# Your objective:
Restate word for word the lines of the entries below, starting with the line that holds "Slika 10. Sjetva" and ending with the line that holds "Важное значение в", and no others.

──────── Record excerpts

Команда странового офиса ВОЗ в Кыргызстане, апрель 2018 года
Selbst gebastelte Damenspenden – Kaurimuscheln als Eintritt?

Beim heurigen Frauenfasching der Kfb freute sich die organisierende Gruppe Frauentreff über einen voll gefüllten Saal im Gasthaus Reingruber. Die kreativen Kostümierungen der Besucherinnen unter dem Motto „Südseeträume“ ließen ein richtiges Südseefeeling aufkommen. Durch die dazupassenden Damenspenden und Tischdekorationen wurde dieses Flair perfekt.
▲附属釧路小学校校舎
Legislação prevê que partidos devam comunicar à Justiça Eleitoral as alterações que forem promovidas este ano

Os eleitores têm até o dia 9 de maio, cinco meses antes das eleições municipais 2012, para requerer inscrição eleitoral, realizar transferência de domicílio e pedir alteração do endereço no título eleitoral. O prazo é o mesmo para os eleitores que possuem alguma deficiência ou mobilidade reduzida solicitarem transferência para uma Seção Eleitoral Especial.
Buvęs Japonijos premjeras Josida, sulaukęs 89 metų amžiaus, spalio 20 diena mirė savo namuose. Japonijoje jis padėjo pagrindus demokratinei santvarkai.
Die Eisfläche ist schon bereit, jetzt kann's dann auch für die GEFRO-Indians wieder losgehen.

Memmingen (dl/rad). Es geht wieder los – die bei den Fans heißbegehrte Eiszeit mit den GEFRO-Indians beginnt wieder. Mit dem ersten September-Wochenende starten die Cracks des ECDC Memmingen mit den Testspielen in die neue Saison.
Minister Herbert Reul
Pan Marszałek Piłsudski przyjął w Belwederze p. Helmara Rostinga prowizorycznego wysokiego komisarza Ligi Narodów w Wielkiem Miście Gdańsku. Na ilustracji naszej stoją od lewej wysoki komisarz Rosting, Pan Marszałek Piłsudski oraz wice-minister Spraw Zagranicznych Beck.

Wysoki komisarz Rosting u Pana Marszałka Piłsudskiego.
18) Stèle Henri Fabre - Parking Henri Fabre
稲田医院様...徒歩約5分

────────────────
──────── Record excerpts

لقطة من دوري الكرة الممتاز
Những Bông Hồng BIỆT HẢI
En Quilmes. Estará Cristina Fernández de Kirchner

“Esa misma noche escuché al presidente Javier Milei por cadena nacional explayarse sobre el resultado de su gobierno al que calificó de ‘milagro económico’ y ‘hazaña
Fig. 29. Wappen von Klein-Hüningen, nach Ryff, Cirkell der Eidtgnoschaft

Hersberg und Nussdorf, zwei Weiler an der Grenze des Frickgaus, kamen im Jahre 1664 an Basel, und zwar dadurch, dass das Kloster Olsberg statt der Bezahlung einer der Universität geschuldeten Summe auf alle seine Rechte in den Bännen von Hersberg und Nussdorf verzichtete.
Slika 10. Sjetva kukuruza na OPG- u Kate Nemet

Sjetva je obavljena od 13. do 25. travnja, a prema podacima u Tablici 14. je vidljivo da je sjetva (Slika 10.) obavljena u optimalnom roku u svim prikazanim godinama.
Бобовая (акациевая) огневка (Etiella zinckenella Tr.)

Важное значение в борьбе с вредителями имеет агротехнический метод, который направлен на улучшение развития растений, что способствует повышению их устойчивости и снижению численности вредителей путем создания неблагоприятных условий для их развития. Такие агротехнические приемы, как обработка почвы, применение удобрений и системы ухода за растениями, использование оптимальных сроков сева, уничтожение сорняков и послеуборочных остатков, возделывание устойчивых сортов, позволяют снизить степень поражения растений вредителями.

────────────────

# Answer to this problem:
Slika 10. Sjetva kukuruza na OPG- u Kate Nemet

Sjetva je obavljena od 13. do 25. travnja, a prema podacima u Tablici 14. je vidljivo da je sjetva (Slika 10.) obavljena u optimalnom roku u svim prikazanim godinama.
Бобовая (акациевая) огневка (Etiella zinckenella Tr.)

Важное значение в борьбе с вредителями имеет агротехнический метод, который направлен на улучшение развития растений, что способствует повышению их устойчивости и снижению численности вредителей путем создания неблагоприятных условий для их развития. Такие агротехнические приемы, как обработка почвы, применение удобрений и системы ухода за растениями, использование оптимальных сроков сева, уничтожение сорняков и послеуборочных остатков, возделывание устойчивых сортов, позволяют снизить степень поражения растений вредителями.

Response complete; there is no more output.